R: Most of these projects arose from direct invitations from some artists and collectives, while others were driven by my own interest in exploring certain visualities and narratives of on-site visual arts work. The purpose of bringing these texts together is to present a review of a process that, over more than a decade, has sought to spread a vision that goes beyond the capital of Chile. In this global context, I understood that, in order to address territories and territorialities in a more complex way, it was necessary to consider not only ethnic, ethical, and psychopolitical conflicts, but also biological ones. Transformativity, as a concept, contributes to offering a new perspective to understand these processes and their impact on communities and their territories.

G: Could you elaborate further on the idea of transformativity?

It emerged in my reflective analysis, when, since 2011, I began several long curatorial research stays in Berlin. There, I came across this concept within the field of biology and ethnobotany. In this sense, Territorios transformativos 2010-2020 is committed to the dissemination of a group of artists who develop transformative practices, beyond the design times and logics.

Transformativity is assuming that human and non-human processes are also part of the field of art research and are also a way of critically questioning territorialities. It is crucial to make these reviews visible and to highlight that these types of decentralized readings can be done constantly. I committed to that perspective, thinking it was of great interest to the context of what Chile has experienced recently. In fact, the book ends with the first anniversary of the 2019 social uprising. 
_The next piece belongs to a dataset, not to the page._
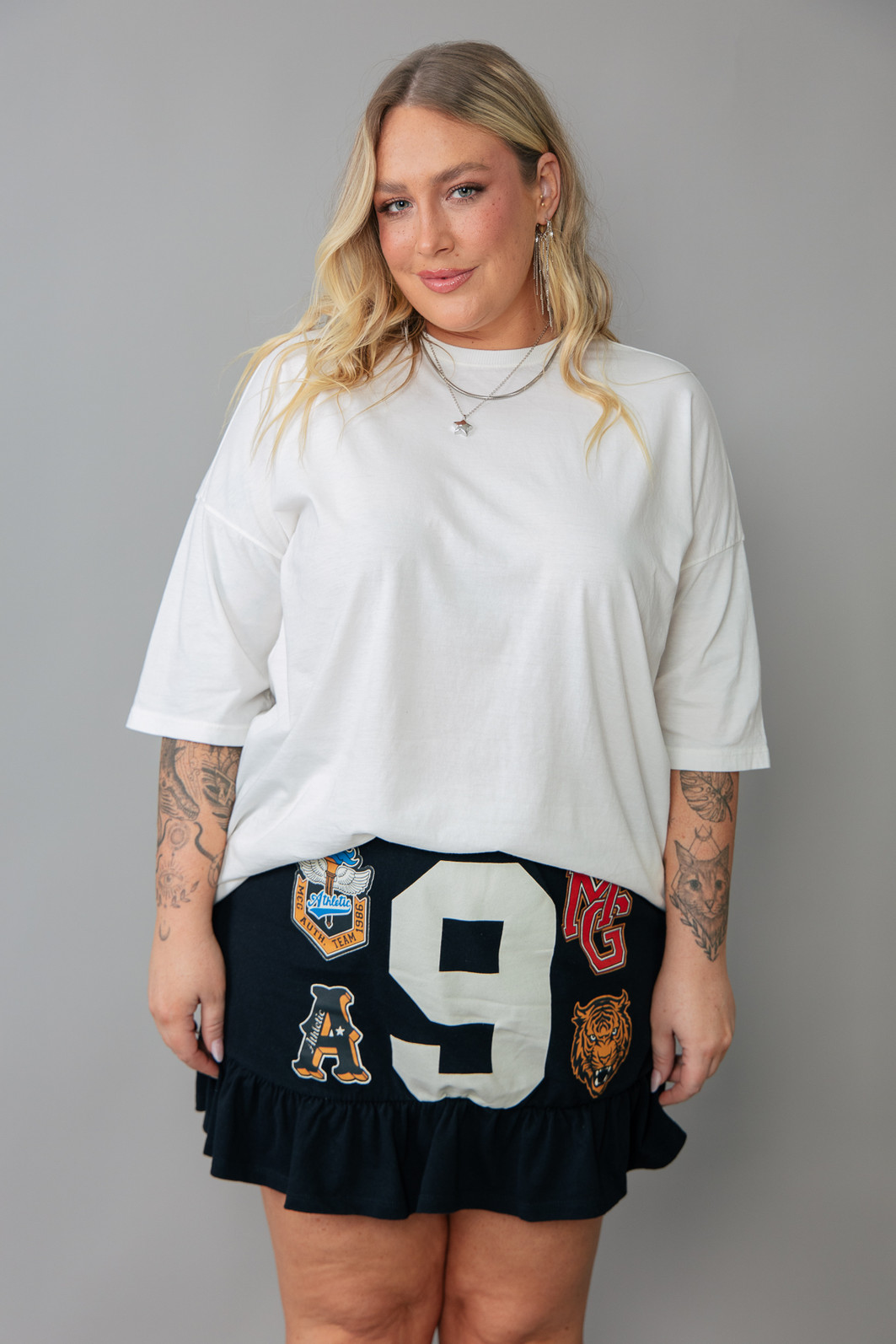 Altura 1.63 | Busto 109,5 | Cintura 93,5 | Quadril 123,5 | Panturrilha 46 | Manequim GG/46

G: I find it very significant to close the book with an analysis, one year later, of the social uprising.

R: Yes, it was essential to create a space for reflection on what Chile experienced during such a complex period. Not only because of the uprising, but also because of the pandemic and the way in which the State repressed social demands through it. This text seeks to capture an emotional state of territoriality, not only in terms of physical space, but also of the tensions in different places in Chile. It was crucial for me to realize that we were not facing a simple "social explosion", as it was called, but rather an uprising with clear drives, political drives that defined its character. 

That's why I believe that transformativity encourages a deep reflection on what we have denied as a society. It also discusses how the art world, which is often seen as privileged, has failed to recognize these non-hegemonic social and cosmogonic realities. We already know that many artistic projects exploit social dramas without offering deep reflection and analysis. That is why I chose to examine these projects, because I believe that the most relevant ones, for example, to understand the uprising, are those that not only seek to portray political events, but also involve proposing a social reflection.

 

[Images courtesy of Rodolfo Andaur: 1.-Marcos Zegers, From the series Infraestructuras del desierto, 2015–2019; 2.-Nicolás Grum, Installation El gran pacto de Chile, 2014; 3.-Fabián España, From the series Desilusiones, 2012; 4.-Patricia Domínguez, Film still Los ojos serán lo último en pixelarse, 2016; 5.-Cholita Chic, Cholita Chic, 2014.]